La reciente decisión de Fitch Ratings de reafirmar la calificación soberana de El Salvador en ‘B-’ con perspectiva estable debe leerse como un reconocimiento a los esfuerzos del gobierno por encauzar sus finanzas públicas, pero también como un recordatorio de los límites estructurales que aún constriñen la credibilidad económica del país.



El acuerdo con el Fondo Monetario Internacional (FMI) marca un punto de inflexión. El programa de Facilidad Extendida no solo implica un alivio financiero de 1,400 millones de dólares, sino que también sienta las bases para una reforma estructural más profunda. La disciplina fiscal, la mejora en la gobernanza y una mayor sostenibilidad del sistema de pensiones no son solo condiciones impuestas: son reformas largamente postergadas que el país necesita con urgencia.

La reducción del déficit fiscal al 4.4% del PIB en 2024 y su proyectada disminución hasta el 2.1% en 2026 muestran un compromiso palpable con la consolidación fiscal. El hecho de que se vislumbre financiamiento adicional por hasta 2,200 millones de dólares sin necesidad de emitir deuda nueva en los mercados internacionales es una noticia positiva en un entorno global aún incierto.

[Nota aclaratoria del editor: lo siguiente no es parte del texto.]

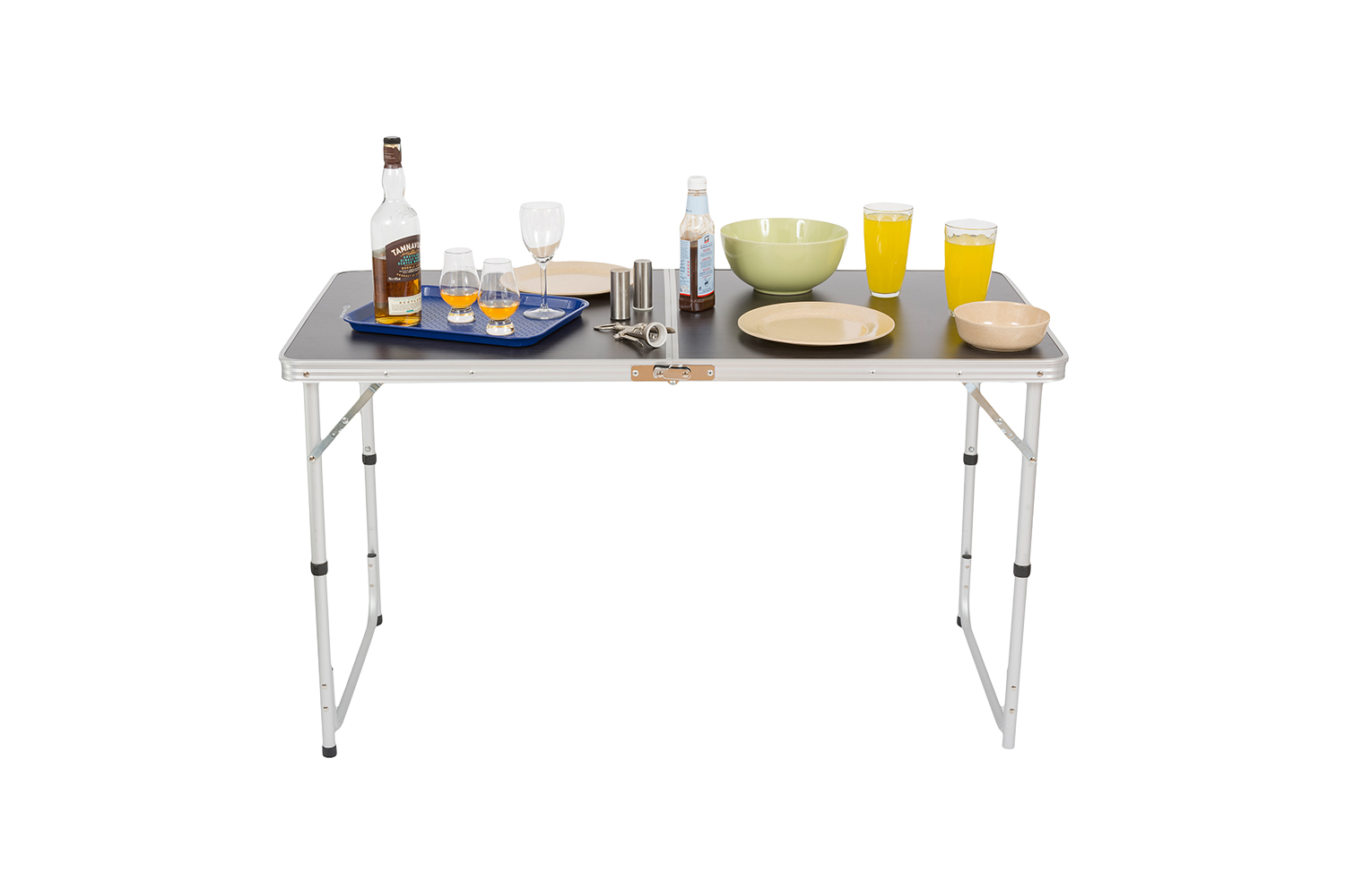 Dank der mittigen Faltfunktion lässt sich der Camping Klapptisch wie ein Koffer zusammenklappen und platzsparend verstauen. Der integrierte Tragegriff erleichtert den Transport zusätzlich.

Sin embargo, no se debe perder de vista la otra cara del informe. La deuda pública, en torno al 87% del PIB, sigue siendo alarmantemente alta para un país con la calificación crediticia de El Salvador. La carga por intereses, que absorbe más del 17% de los ingresos del gobierno, reduce el margen de maniobra para inversiones sociales y económicas. Este es el precio de años de desorden fiscal, decisiones improvisadas y un uso político del endeudamiento.

El Salvador necesita construir una trayectoria fiscal y económica sostenible no solo sobre la base de acuerdos con organismos multilaterales, sino sobre un compromiso más amplio con la estabilidad institucional, el respeto a los contratos y la confianza del inversionista. Solo entonces podrá aspirar a algo más que la supervivencia financiera.